First, a summary and an explanation: by following the steps above you created a subdomain in Plesk, called test, and password-protected it using a command-line interface. If you were following along closely, you might have noticed that the second necessary file you created in step #6 was called .htpasswd_test. The ‘_test,’ tacked onto the end of ‘.htpasswd,’ represented the particular subdomain we were protecting: test.bostonwebstudio.com. If you were only ever protecting one subdomain, that file name could have remained ‘.htpasswd,’ but since we need two of these files, one for each subdomain, each file must have a unique name. My use of an underscore followed by the subdomain name is simply my personal preference; you may use any method/style you like, just be sure to use unique file names when protecting more than one subdomain.

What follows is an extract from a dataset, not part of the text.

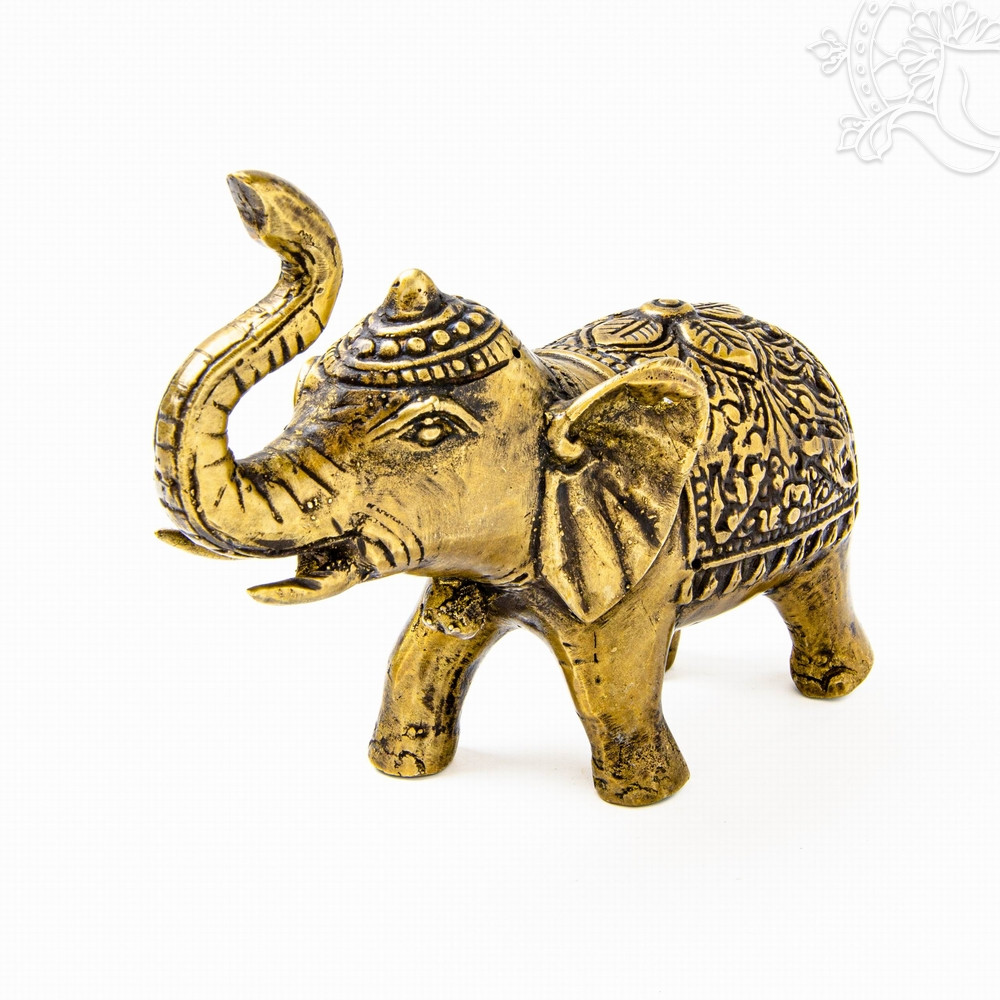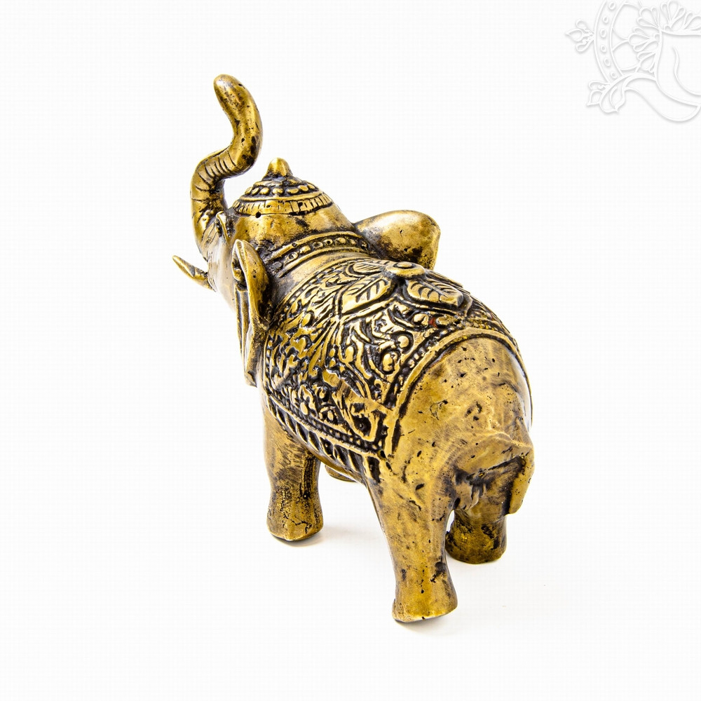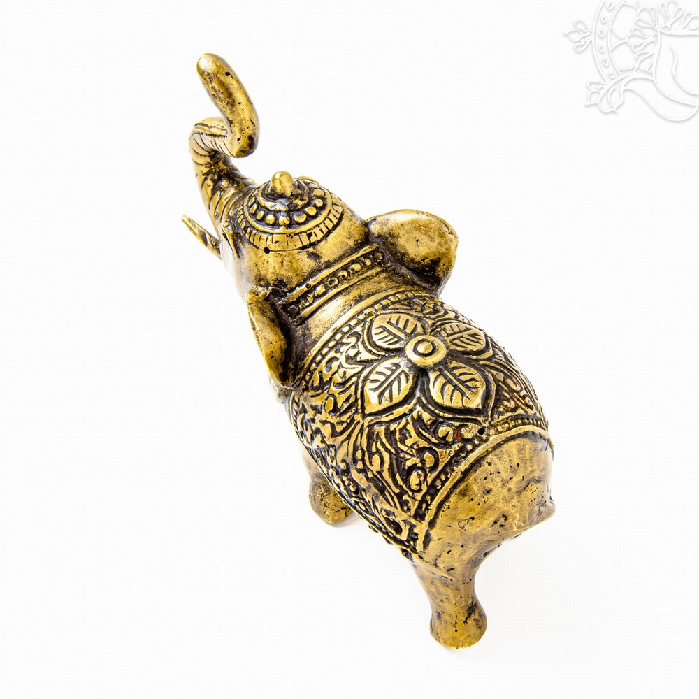 Ez a 13 cm magas és 15 cm hosszú, 280 gramm súlyú matt sárga réz elefánt a bölcsesség, az erő és a szerencse szimbóluma. A díszes takaróval és fejdísszel ellátott elefánt elegáns, hagyományos megjelenést kölcsönöz bármely térnek.

Finally, in order to password-protect another subdomain, you simply repeat the steps above—starting with creating a subdomain in Plesk—while making sure that you move into the new subdirectory (step #2) and that you use a different filename for the second necessary file (referenced in step #4 and defined in step #6). If you were to follow the same conventions as above, the second subdomain’s .htpasswd file would instead be called ‘.htpasswd_example’

Disclaimer

Please remember, I am not a ‘web server pro’ by any means, I simply want to explain what worked for me in my particular environment/situation. I assume no responsibility if you wreak havoc on your web server by following these instructions; you do so at your own risk. In fact, I’d recommend that you consult your doctor before applying this information…

Additionally, I welcome any and all advice from anybody who can further improve these instructions.